Proteins encoding phosphotyrosine binding (PTB) domains function as adaptors or scaffolds to organize the signaling complexes involved in wide-ranging physiological processes including neural development, immunity, tissue homeostasis and cell growth. Due to structural differences, PTB domains are divided into three groups represented by phosphotyrosine-dependent IRS-like (see <PDOC51064>), phosphotyrosine-dependent Shc-like, and phosphotyrosine-independent Dab-like PTBs. The last two PTBs have been named as phosphotyrosine interaction domain (PID or PI domain). PID domain has an average length of about 160 amino acids [1].

The Shc-like PID specifically binds to the Asn-Pro-Xaa-Tyr(P) motif found in many tyrosine-phosphorylated proteins including growth factor receptors. On the other hand the Dab-like PID domain binds to non-phosphorylated tyrosine residue or even a phenylalanine at the same position [2]. Most of the ligands for Shc-like PID domains are RTK or cytokine, whereas phosphotyrosine independent Dab-like PID domains seems to mediate other types of signaling pathways, like endocytosis/processing or exocytosis. This domain binds both peptides and headgroups of phosphatidylinositides, utilizing two distinct binding motifs to mediate spatial organization and localization within cells [1,2,3,4].

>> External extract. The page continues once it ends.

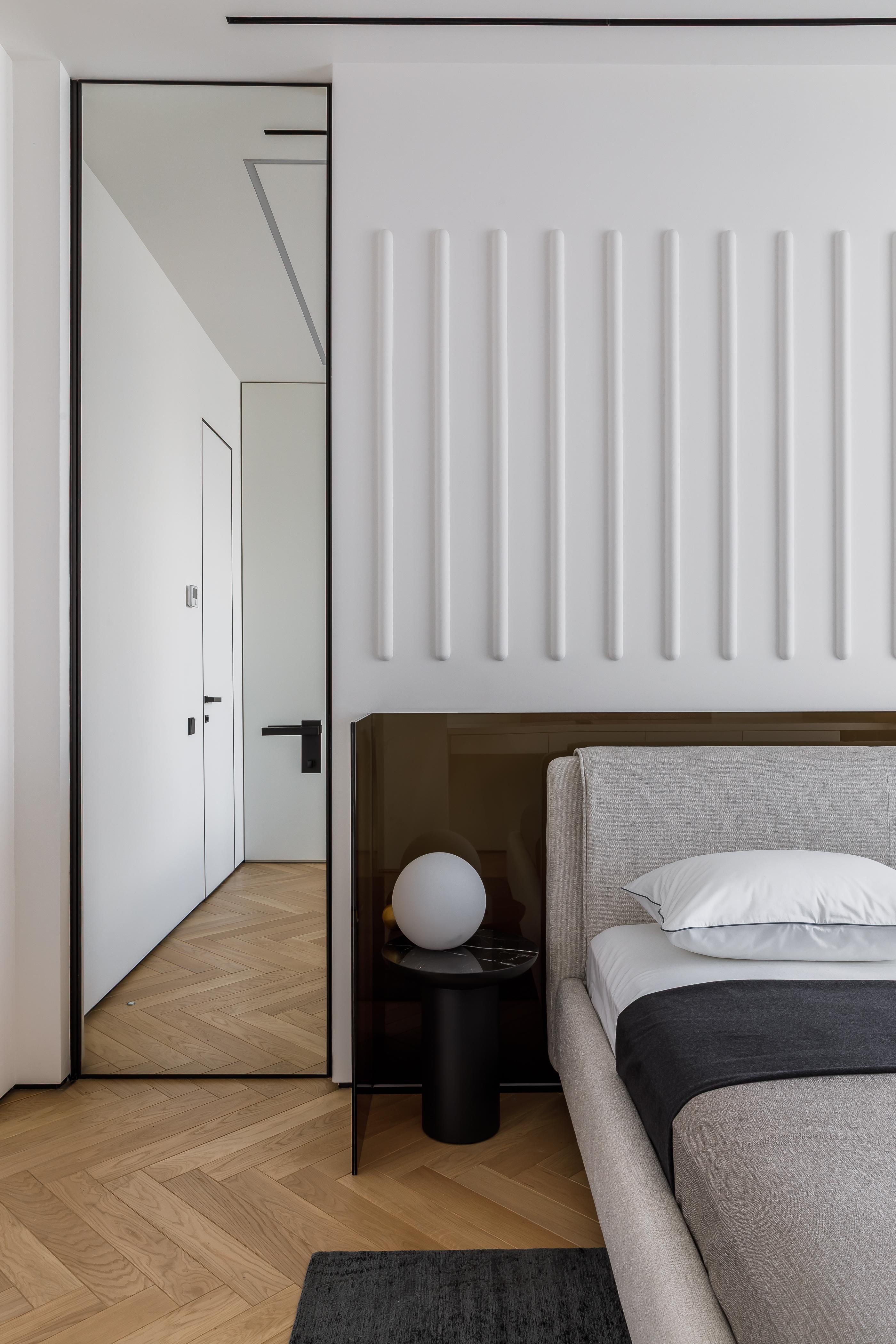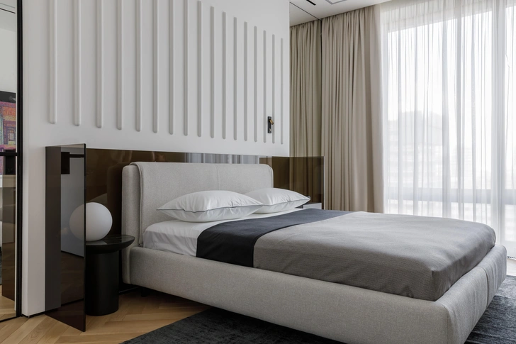 Хочется еще раз заметить изделия из коричневого стекла, они есть почти в каждой зоне. Но особенно мы гордимся изголовьем в спальне! На первый взгляд — это просто тонированное стекло, но за ним стоит более сложная работа. Нас не устроил вариант сделать просто стекло, нам важен был эффект, то, как красиво в нем рассеивается подсветка за кроватью. Поэтому мы увеличили его толщину, взяв два листа, а между ними запечатали градиент. В проекте было много таких интересных и сложных задач, так что мы убедились в том, что для нас нет ничего невозможного!

The 3D structure of PID domain has been solved (see <PDB:1NTV>) [5]. It shares a folding pattern, commonly referred to as the PH-domain "superfold". The core "superfold" consists of seven antiparallel β strands forming two orthogonal β sheets. This β sandwich is capped at the C terminus by an α helix. It contains a peptide binding pocket (formed by the β strand 5 and C-terminal α helix) and a highly basic phospholipid binding "crown" (largely composed of residues from loop regions near the N terminus). Both Shc and Dab1 have two additional α helices, one of which is located at the N terminus and the other between β 1 and β 2 strands.

PID has also been found in the proteins listed below.

• Mammalian Shc transforming protein which contains one N-terminal PID and a C-terminal SH2 domain (see <PDOC50001>).
• Human Shc-related protein Sck that shares the same modular architecture.
• Mammalian protein X11 which is expressed prominently in the nervous system. It contains 2 disc homologous regions (DHR) downstream of the PID.
• Rat FE65, a transcription-factor activator expressed preferentially in liver. The presence of a WW domain (see <PDOC50020>) as well as 2 PIDs indicate a possible role in signal transduction.
• Drosophila nuclear Numb protein, which is required in determination of cell fate during sensory organ formation in Drosophila embryos. It has one PID.
• Drosophila protein disabled (gene dab), which is involved in embryonic neural development. This cytoplasmic, tyrosine phosphorylated protein is found in CNS axons and body wall muscles. It contains one N-terminal PID.
• Mouse mitogen-responsive phosphoprotein P96 and the human homolog, DOC-2. They possess one N-terminal PID.
• Mammalian regulator of G-protein signalling 12 (RGS12).
• Caenorhabditis elegans hypothetical protein F56D2.1 which contains an N-terminal insulinase-type domain (see <PDOC00130>) followed by a PID.

The profile we developed covers the entire PID domain.